• The task: Please repeat exactly the lines below from the line with "- Razzhigaev, A.;" to the line with "What an exceptional", including both, and leave out every picture.

[Opening Provided data section]

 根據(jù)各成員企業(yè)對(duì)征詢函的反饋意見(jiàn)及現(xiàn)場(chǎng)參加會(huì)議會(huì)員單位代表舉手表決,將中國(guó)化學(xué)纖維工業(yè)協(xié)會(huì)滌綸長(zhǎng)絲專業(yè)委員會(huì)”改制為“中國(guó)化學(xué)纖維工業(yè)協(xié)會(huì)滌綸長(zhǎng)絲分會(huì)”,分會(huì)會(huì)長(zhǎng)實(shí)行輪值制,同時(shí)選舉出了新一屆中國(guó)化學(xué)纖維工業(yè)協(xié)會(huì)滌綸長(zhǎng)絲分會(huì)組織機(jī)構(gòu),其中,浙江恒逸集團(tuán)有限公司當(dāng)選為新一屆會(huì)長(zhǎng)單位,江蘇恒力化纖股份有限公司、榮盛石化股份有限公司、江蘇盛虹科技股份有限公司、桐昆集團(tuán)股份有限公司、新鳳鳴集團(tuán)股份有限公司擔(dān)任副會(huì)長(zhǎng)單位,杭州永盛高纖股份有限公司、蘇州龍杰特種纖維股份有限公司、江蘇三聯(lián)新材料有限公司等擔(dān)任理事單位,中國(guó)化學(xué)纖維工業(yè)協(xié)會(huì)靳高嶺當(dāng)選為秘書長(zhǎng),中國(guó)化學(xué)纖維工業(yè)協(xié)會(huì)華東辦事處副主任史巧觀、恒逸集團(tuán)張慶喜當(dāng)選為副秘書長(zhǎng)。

[Closing Provided data section]
[Opening Provided data section]

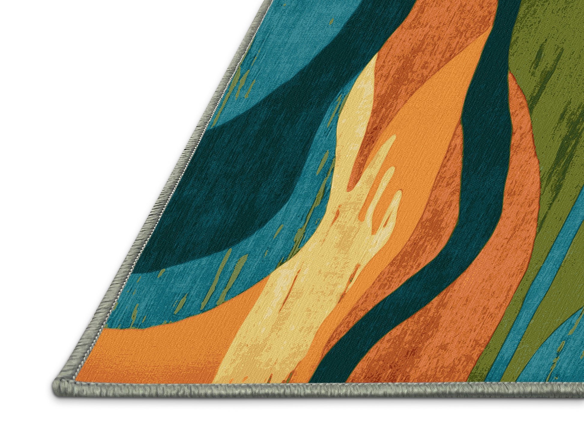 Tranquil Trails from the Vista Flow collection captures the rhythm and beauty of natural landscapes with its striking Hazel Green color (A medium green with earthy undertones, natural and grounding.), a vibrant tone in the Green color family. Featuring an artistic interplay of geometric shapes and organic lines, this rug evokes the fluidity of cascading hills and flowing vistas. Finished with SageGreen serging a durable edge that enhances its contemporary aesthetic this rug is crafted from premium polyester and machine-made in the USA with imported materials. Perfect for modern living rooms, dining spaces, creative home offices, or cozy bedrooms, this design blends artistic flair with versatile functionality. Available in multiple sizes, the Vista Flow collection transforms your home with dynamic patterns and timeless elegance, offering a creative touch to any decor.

[Closing Provided data section]
[Opening Provided data section]

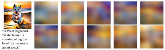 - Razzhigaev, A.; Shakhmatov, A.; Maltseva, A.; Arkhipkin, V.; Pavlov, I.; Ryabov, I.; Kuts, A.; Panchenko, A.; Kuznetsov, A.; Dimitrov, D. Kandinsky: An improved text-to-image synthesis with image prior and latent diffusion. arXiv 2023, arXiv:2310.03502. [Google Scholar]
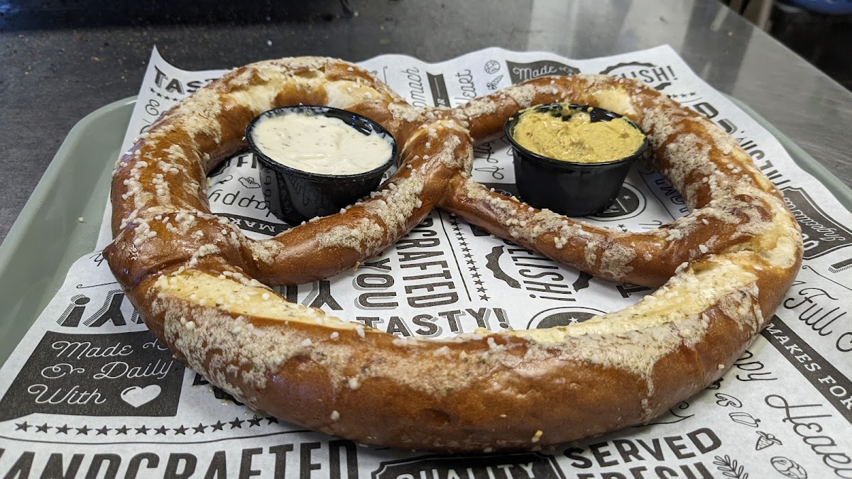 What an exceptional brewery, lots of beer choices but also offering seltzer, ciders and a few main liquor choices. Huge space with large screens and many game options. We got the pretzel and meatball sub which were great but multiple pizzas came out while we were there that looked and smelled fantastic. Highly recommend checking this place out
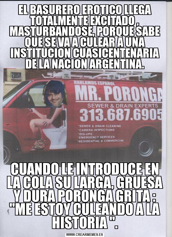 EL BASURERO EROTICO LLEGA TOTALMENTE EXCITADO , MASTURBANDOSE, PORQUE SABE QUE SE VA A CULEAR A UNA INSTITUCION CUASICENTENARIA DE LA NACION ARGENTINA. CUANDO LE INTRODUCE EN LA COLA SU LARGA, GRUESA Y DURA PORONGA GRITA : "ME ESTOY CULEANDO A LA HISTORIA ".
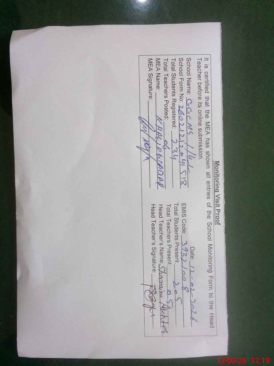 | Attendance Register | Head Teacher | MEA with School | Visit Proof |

[Closing Provided data section]

• Task output:
 - Razzhigaev, A.; Shakhmatov, A.; Maltseva, A.; Arkhipkin, V.; Pavlov, I.; Ryabov, I.; Kuts, A.; Panchenko, A.; Kuznetsov, A.; Dimitrov, D. Kandinsky: An improved text-to-image synthesis with image prior and latent diffusion. arXiv 2023, arXiv:2310.03502. [Google Scholar]
 What an exceptional brewery, lots of beer choices but also offering seltzer, ciders and a few main liquor choices. Huge space with large screens and many game options. We got the pretzel and meatball sub which were great but multiple pizzas came out while we were there that looked and smelled fantastic. Highly recommend checking this place out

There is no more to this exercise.